A3A-induced DSBs can be countered by TRIB3. A, superposition of FACS analysis of γH2AX-positive HeLa cells gated on the V5-tagged A3A with and without TRIB3 at two different A3A:TRIB3 ratios. B, means and standard deviations γH2AX-positive cell frequencies for quadruplicate transfections, DNA concentrations were always 2 μg and compensated for by plasmid vector. * indicates a statistically significant difference between two observed percentages (p < 0.05).

FIGURE 7.

Transcriptome analysis of A3A, A3C, and TRIB3 in hematopoietic cells and peritumoral cirrhotic tissues.
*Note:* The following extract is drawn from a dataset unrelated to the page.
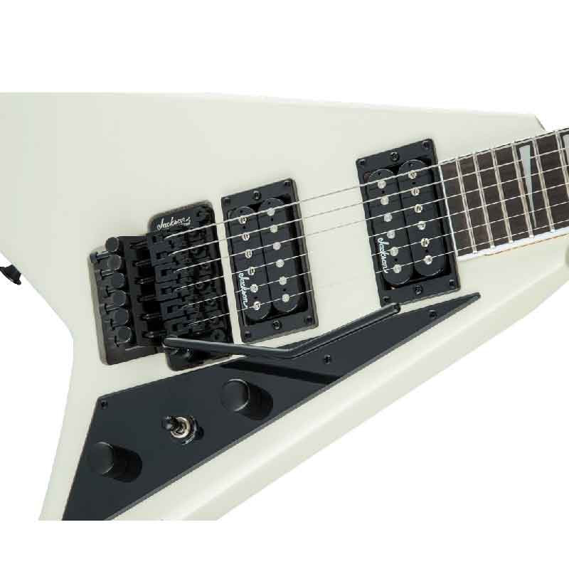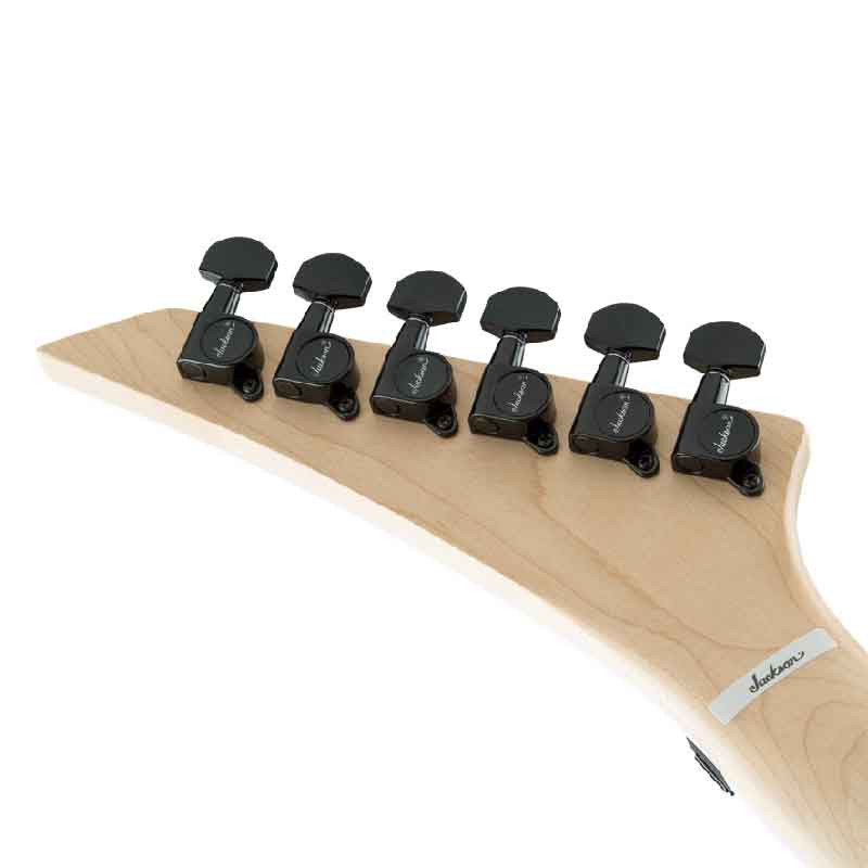 Гитара оснащена двумя хамбакерами Jackson с керамическими магнитами и высоким выходом, создающими насыщенное и агрессивное звучание, идеально подходящее для хард-рока и металла. Каждый звукосниматель имеет отдельный регулятор громкости и тембра, а трехпозиционный переключатель позволяет быстро изменять конфигурацию звучания. Бридж Floyd Rose® с двойной фиксацией под брендом Jackson обеспечивает стабильный строй и высокий сустейн, что позволяет уверенно использовать техники дайв-бомб и агрессивные соло. Герметичные литые колья гарантируют точную настройку и долговечность инструмента.

A, TaqMan analysis of PBMC from two healthy donors at 20, 48, and 120 h after stimulation. B, TaqMan analysis of positively selected CD4⁺ T cells from two healthy donors at days 2 and 5. C, ABI chip analysis of A3A, A3C, TRIB1–3 in peritumoral tissues from patients with alcoholic, HBV-, HBV+hepatitic C virus (HCV)-, and HCV-associated cirrhosis. The inset gives paired A3A and TRIB3 levels from the same samples. **, statistically significant difference compared with healthy liver (p < 0.01). Expression levels are all normalized to RPL13A levels.